An extra field here or there, maybe an extra page or some extra logic in the middle of a workflow - that sort of thing.

Some of these customizations can be rolled into the core product, and that's great. Some of them are highly specific and would get in everyone else's way.

I have a few ideas in mind for managing this, but none of them seem to scale well. The obvious solution is to introduce a ton of client-level settings, allowing various 'features' to be enabled on per-client basis. The downside with that, of course, is massive complexity and clutter. You could introduce a truly huge number of settings, and over time various types of logic (presentation, business) could get way out of hand. Then there's the problem of client-specific fields, which begs for something cleaner than just adding a bunch of nullable fields to the existing tables.

So what are people doing to manage this? Force.com seems to be the master of extensibility; obviously they've created a platform from the ground up that is super extensible. You can add on to almost anything with their web-based UI. FogBugz did something similiar where they created a robust plugin model that, come to think of it, might have actually been inspired by Force. I know they spent a lot of time and money on it and if I'm not mistaken the intention was to actually use it internally for future product development.

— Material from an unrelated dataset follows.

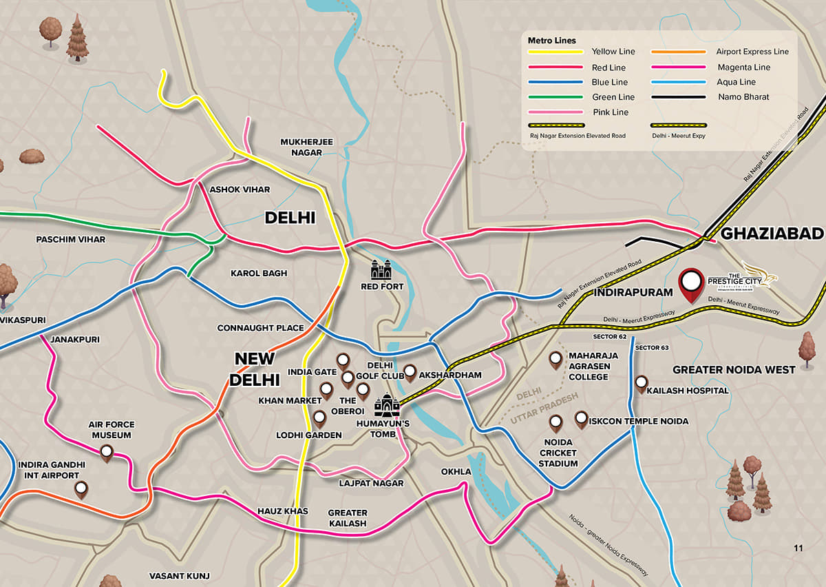 Downlaod Brochure.PDFThe Prestige City Ghaziabad is an expansive 62.5-acre integrated township located at Indirapuram Extension, NH-24, redefining urban luxury in one of Ghaziabad’s most promising corridors. This modern development comprises 4041 premium apartments spread across 23 high-rise towers, offering a refined lifestyle in thoughtfully designed 3 BHK and 4 BHK, Duplex and Penthouse. At the heart of this grand community lie two key residential enclaves—Mulberry and Oakwood at The Prestige City—each offering a range of stylish, spacious homes crafted for elevated living.

Sounds like the kind of thing I could be tempted to build but probably shouldn't. :)

Is a massive investment in pluggable architecture the only way to go? How are you managing these problems, and what kind of results are you seeing?

EDIT: It does look as though FogBugz handled the problem by building a fairly robust platform and then using that to put together their screens. To extend it you create a DLL containing classes that implement interfaces like ISearchScreenGridColumn, and that becomes a module. I'm sure it was tremendously expensive to build considering that they have a large of devs and they worked on it for months, plus their surface area is perhaps 5% of the size of my application.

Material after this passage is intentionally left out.